In the studio, Finch and Casey built on that beat. Finch played drums to the drum-machine beat, which he says helped him become a better drummer. He also put a microphone inside his kickdrum, which helped beef up the song’s drum sound. Together, Finch and Casey pieced together the “Rock Your Baby” groove, and then they paid Sunshine Band member Jerome Smith $15 to play guitar on it. The people at TK loved the song’s demo and didn’t want Finch and Casey to change anything. But “Rock Your Baby” needed someone who could sing notes higher than what Casey could reach. They needed another singer.
George McCrae had grown up in nearby West Palm Beach. He’s spent a few years in the Navy and formed a singing group called the Jivin’ Jets, which eventually came to include his wife Gwen. Gwen eventually made a couple of minor hits, and George, whose career wasn’t really going anyway, essentially became her manager. (He was also planning on going to school for criminal law.) Finch and Casey were considering a few different singers, including Gwen, to record “Rock Your Baby.” But George ended up recording it, mostly because he was literally the first person to walk into the studio. While they were waiting for Gwen to show up, George recorded a couple of takes, and he crushed it. (A year later, Gwen had a hit of her own with “Rockin’ Chair,” which had George on backup vocals and which peaked at #9. It’s a 6.)

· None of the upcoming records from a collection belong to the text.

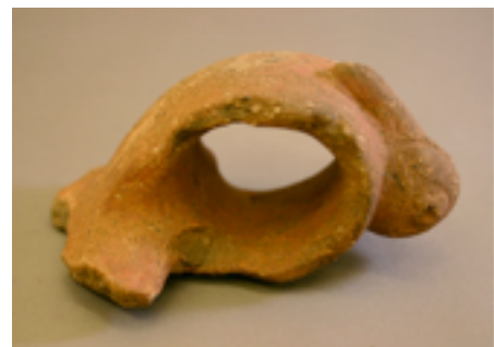
Figure 32. Pelican strap handle, unknown site, Carriacou, 3 in. length. Smithsonian National Museum of the American Indian Cultural Resources Center, Suitland, Maryland.
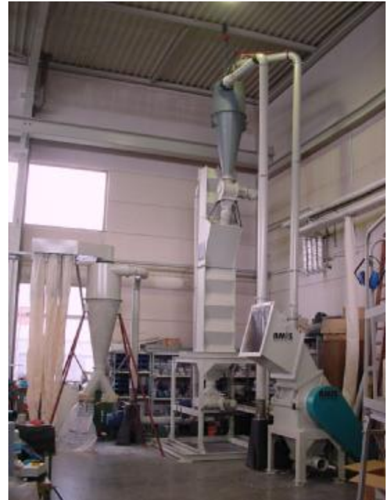
Pic .2 Separator with pneumatic feeding and discharge system for light fraction..

Through cascades creates an extremely effective material separation.
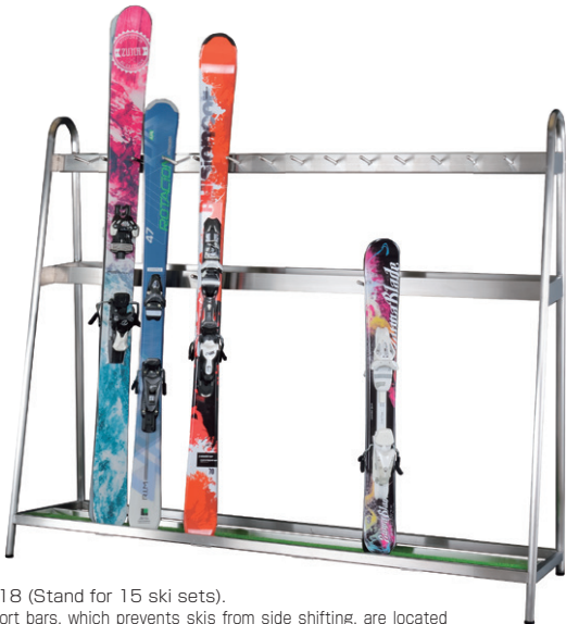
○KTD-1518 (Stand for 15 ski sets). Top support bars, which prevents skis from side shifting, are located hight 1200mm from the bottom of the skis.

The stands installed at the entrance of lodges and accommodations are Rust-resistant products made of stainless steel.

“Rock Your Baby” doesn’t have the blunt-force impact of a lot of other disco songs. It’s softer and sweeter than that. George McCrae delivers it in a soft, fragile falsetto, more or less giving his best Al Green impression. He sings it like it’s a bedroom song, not a club song — which, of course, is a big part of why it worked so well as a club song. The lyrics are insipid sex invitations — “open up your heart and let the lovin’ start” — but McCrae delivers them with a playful sweetness. And he lets his voice dance easily through the beat, as if this weird jury-rigged electro-samba were the most natural thing in the world.

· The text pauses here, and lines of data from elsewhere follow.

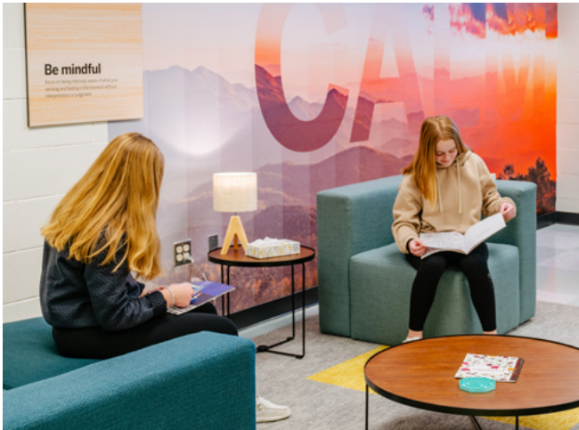
Hempstead High School, Brain Health Now Dubuque, Iowa
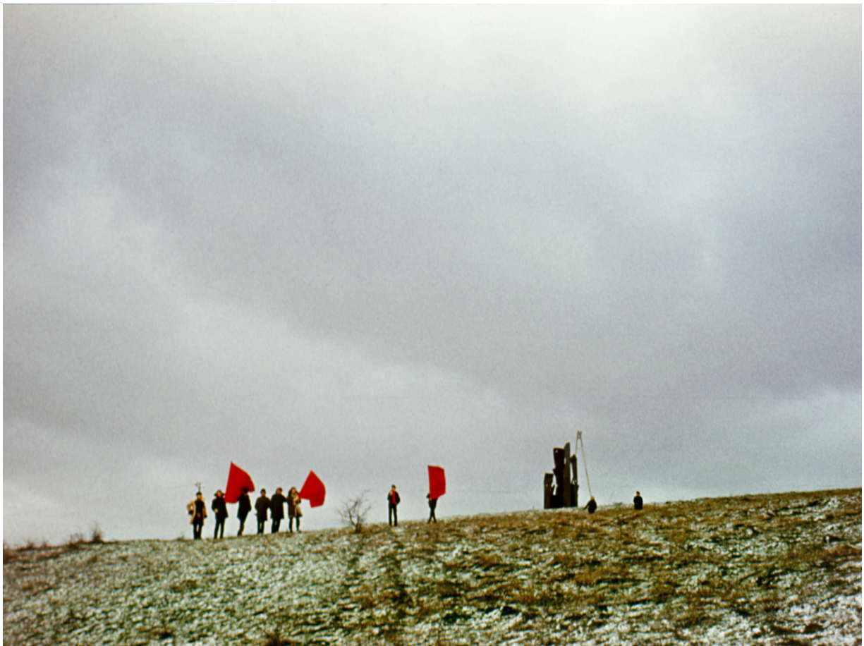
Still from Game on Morel's Hill (Group Action), 1971.
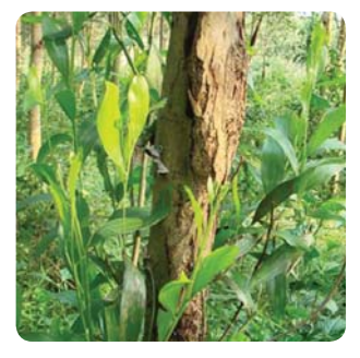
Areas of dead bark and sunken lesions associated with Botryosphaeria spp. extending along branch and stem axes (Pham Quang Thu)
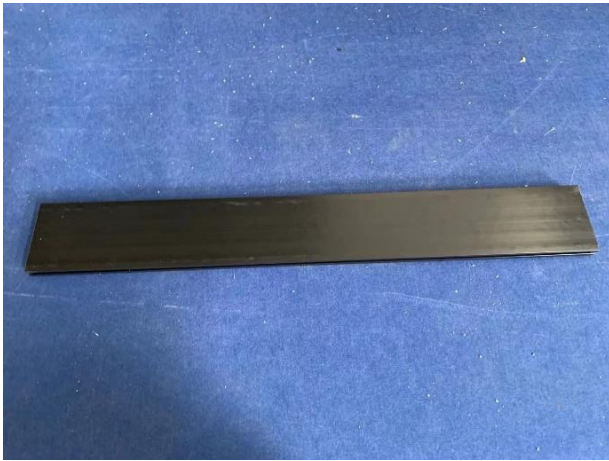
Front view (test side)
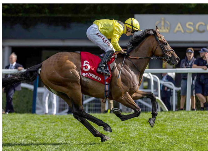
Elnajmm winning the 2024 Betfred Handicap
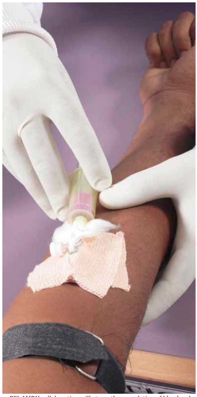
PEI-AMRH collaboration will strengthen regulation of blood and blood products in Africa

The regulation of blood and blood products stream of work in Africa will be guided by the WHO Global Benchmarking Tool/BRN Criteria in accordance with the recommendation of the World Health Assembly (WHA) 63.12, 2010 resolution on the availability, quality and safety of blood products. The GHP at PEI focuses on two modules that align with the WHO Criteria and WHA recommendations on the regulation of blood and blood products and these include;

There’s something beautiful about the cheap DIY sophistication of “Rock Your Baby.” KC & The Sunshine Band would become disco conquerors, but when they put together “Rock Your Baby,” Casey and Finch were day-jobbing studio kids using the low-tech tools at their disposal. If you listen close, you can hear the seams — those thin synth sounds, the mechanistic insistence of that rickety beat. And yet they managed to piece together a soft strut, something that bubbles like champagne. The song was expressly geared at clubs — and the TK Records bosses allegedly bribed DJs to make sure that it would reach them — but its lilt is light enough to work anywhere.

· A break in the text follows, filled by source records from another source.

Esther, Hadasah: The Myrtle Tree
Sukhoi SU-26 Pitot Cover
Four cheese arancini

Before working on this column, I’d never heard Rock Your Baby, the album that McCrae quickly recorded with Casey and Finch, and it’s pretty great. It’s also absolutely full of deja vu moments. I did not realize, for instance, that Yo La Tengo’s “You Can Have It All” was a George McCrae cover, but that’s what it is. And Casey and Finch were also responsible for the dipping, stuttering beat from the Notorious BIG’s “Respect.” McCrae never had another big hit after “Rock Your Baby,” and he’s mostly just remembered for that one song. It’s too bad. He had some great moments. Still, “Rock Your Baby” might be legacy enough.